Monday, August 18, 2008

Picking Up After Your Self

Plastic bags litter the streets and the fields. But they are a convenience may would not do without. Environmentalists fear they will dirty the environment for decades. Objectivists resist regulating businesses for undefined reaspons. Is there a reasoned way to regulate trash bags? Is there even a right to do so?

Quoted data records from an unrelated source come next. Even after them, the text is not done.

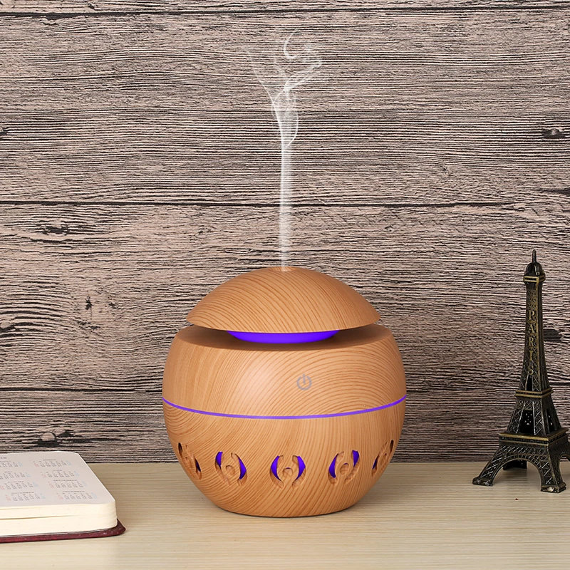 Увлажнитель воздуха, 130 мл, аромараспылитель эфирных масел с текстурой древесины, 7 цветов, светодиодный меняющий свет для офиса и дома
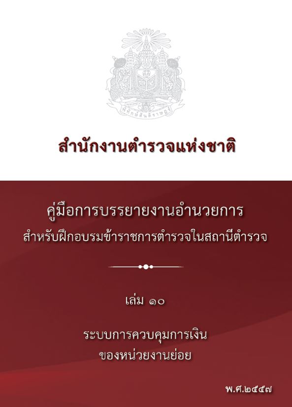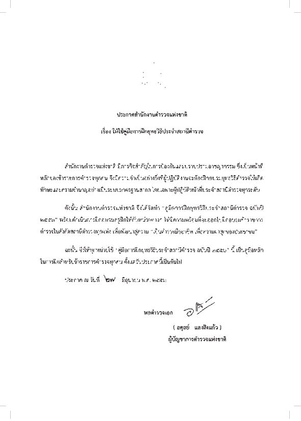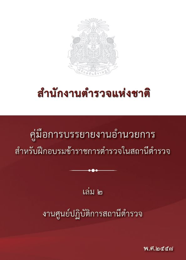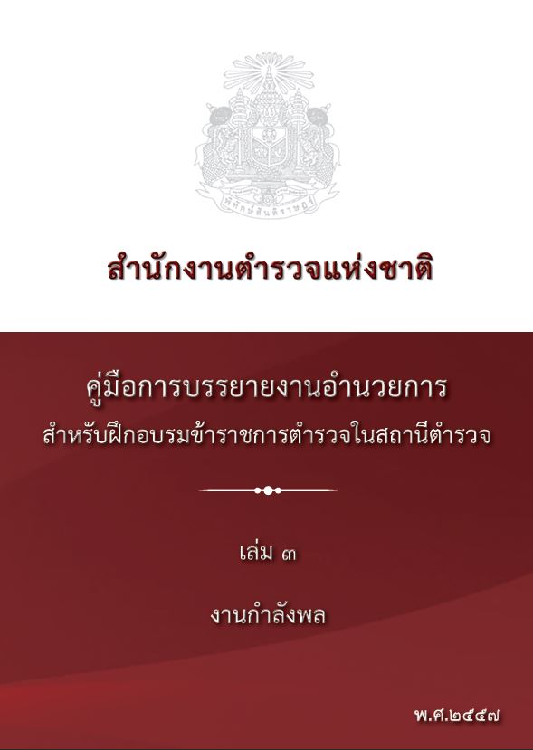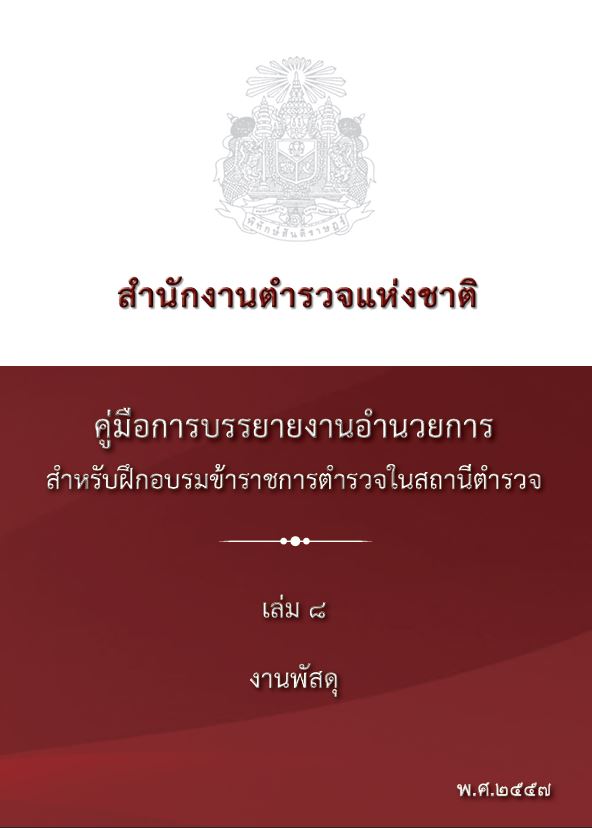 O8 คู่มือการปฏิบัติงานสำหรับเจ้าหน้าที่ คู่มืองานอำนวยการ • งานธุรการและพัฒนากำลังพล • งานศูนย์ปฏิบัติการสถานี • งานกำลังพล • งานวินัย • งานสวัสดิการและสิทธิประโยชน์อื่น • งานยุทธศาสตร์ • งานงบประมาณ • งานพัสดุ • งานการเงิน • ระบบการควบคุมการเงินของหน่วยงานย่อย • การจัดวางระบบการควบคุมภายในและการติดตามประเมินผล คู่มืองานป้องกันปราบปราม • การบริหารงานป้องกันและปราบรามอาชญากรรม • การป้องกันอาชญากรรมเชิงรุก คู่มืองานจราจร • คู่มือปฏิบัติหน้าที่งานจราจรในสถานีตำรวจ คู่มืองานสอบสวน • คู่มือการสอบสวน คดีความผิดเกี่ยวกับทรัพยากรธรรมชาติและสิ่งแวดล้อม • คู่มือการสอบสวน คดีความผิดเกี่ยวกับการคุ้มครองผู้บริโภค • คู่มือการสอบสวน คดีความผิดเกี่ยวกับยาเสพติด • คู่มือปฏิบัติงานสอบสวน คู่มืออื่น ๆ • นโยบายและแนวทางการปฏิบัติในการถวายความสะดวกด้านการจราจรในการเสด็จพระราชดำเนิน • คู่มือแบบฝึกกระบี่และการปฏิบัติของผู้อัญเชิญธงชัยเฉลิมพล • คู่มือแบบฝึกบุคคลท่ามือเปล่า • คู่มือยุทธวิธีตำรวจ • คู่มือการควบคุมและการจัดสายตรวจ • คู่มือการฝึกยุทธวิธีประจำสถานี • คู่มือประชาชน มาตรฐานการปฏิบัติงาน (Standard Operating Procedure : SOP)
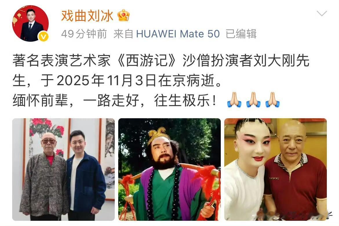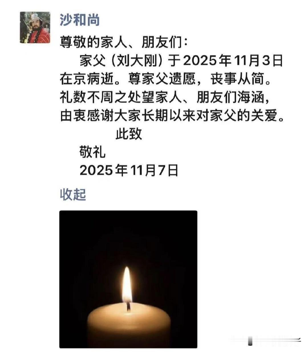 《西游记》续集沙僧扮演者刘大刚病逝! 11月7日,娱乐圈传来噩耗,戏曲演员刘冰 在社交平台发文,透露表演艺术家刘大刚病逝,享年78岁,言语中充满不舍,深切缅怀前辈。 随后,儿子发布讣告,表示尊重家父遗愿,丧事从简。 刘大刚饰演的沙僧,是一个吃苦耐劳,老实巴交的角色,看照片,生活中也是一位慈祥的老人。 饰演沙僧的闫怀礼老师走了,刘大刚老爷子也走了,让人深感悲痛。 愿逝者安息,一路走好!
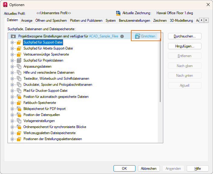 Zeigen Sie das Dialogfeld Optionen an, und klicken Sie auf die Registerkarte Dateien > Einrichten, um projektbezogene Support-Dateien einzurichten.
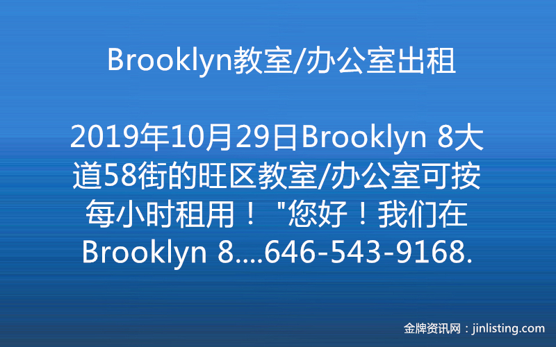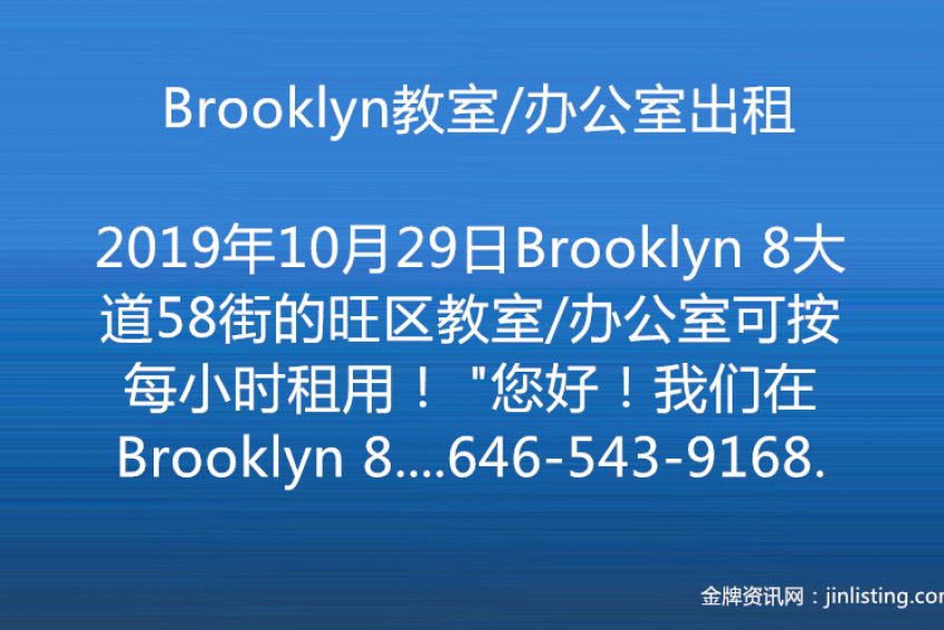 Brooklyn 8大道58街的旺区教室/办公室可按每小时租用! “您好!我们在Brooklyn 8大道58街的旺区黄金地点有宽敞明亮,设施齐全的教室和办公室,如果您是一位老师,正在考虑要在人气兴旺,生源丰富的8大道开您的成人ESL英语课,Pre-K学前班,天才班,课后补习班,周末英数加强班,SAT班,SHSAT班,中文课,美术课,音乐课(钢琴, 小提琴 ,唱歌。。。)等等的项目,我们提供给您这个最经济实用的选择,使您免去了在8大道每月昂贵的房租水电开支压力和教室桌椅设备装修的投资,您只要根据需要使用课室的时间来按小时付费(水电全包),我们最低只收$25一小时,您能挣多少学费都是您的。 或者您也可以固定租下您要的教室或办公室进行您的独立教学和开展工作,我们会给予最低的月租金考虑(水电全包)。 欢迎具有教学经验的老师加盟来丰富8大道社区的孩子课后教育课程: (时间自由,学生一般都选在下午放学后或者周末过来。) 成人ESL英语课,学前班,天才班,课后补习班,周末英数加强班,SAT班,SHSAT班,中文课,美术课,音乐课 钢琴 Piano 小提琴 Violin 唱歌 Singing –Subway Directions: Take the “”Coney Island”” bound N train to “”8 Ave”” stop, walk to 58th ST on 8th Ave. Or take the B9 / B70 bus to come. Ms. Liu at 646-543-9168. Thank you! All the BEST!”
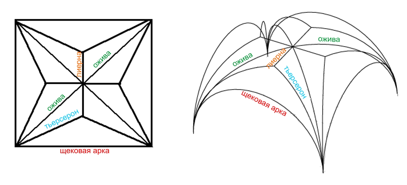 Тьерсерон. А также ожива, лиерна и щековидная арка. Это совсем уж высший пилотаж, но вдруг вам пригодится – блеснете в офицерском собрании. Речь идет о названии разных типов нервюр в системе крестово-нервюрного свода.
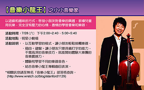 分場次時間與費用,這次音樂小龍王的活動只有在7/28 (六) 場次B
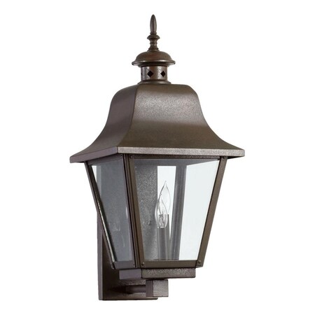 7030-3-86 Features: -Outdoor wall light.-Number of lights: 3.-Transitional style.-Diffuser panels: 4.-Extension: 11.75". Color/Finish: -Finish: Oiled bronze.-Shade color: Clear. Specifications: -Bulb type: 60W candelabra. Dimensions: -Overall dimensions: 23" H x 10.75" W. Collection: -Bishop collection.

The store owners give away plastic bags because they do not have to face the consequences of their use. Shoppers throw them away because they vet them for free. The bags, if given away and then thrown away because they are free, are an objective nuisance. There are several solutions. like bottles, which are a known temptation to litter, a deposit could be placed on their use. The cost of the deposit should be set at the cost per unit for the labor necessary to remove them as litter. Since homeless people will collect bottles for a nickel a piece, about 5c a bag seems reasonable. Shops might complain that this deposit is inconvenient. But so is having to pick up the litter that the shops generate for free. Some stores may complain that it is inconvenient to redeem dirty and torn bags. They are correct. The shops may say that they will have to discontinue the use of bags as too costly. But this was a hidden cost that existed all along, now they are complaining only because they have to bear it. I routinely refuse a bag just for a gallon of milk - insane - the plastic jug comes with a handle - the bag is a handicap, not a help - and refuse a bag for items such as bread which already come in a plastic bag or for items I can put in my back pack or pocket.

The answer is a deposit, and a hefty fine for littering. People who litter are no better than cattle who shit where they stand and happily walk in their own dung. You have a mind, you can think to hold on to your trash until you come upon a receptacle. Selfishness means cleaning up after yourself, not expecting your victim to do it for you.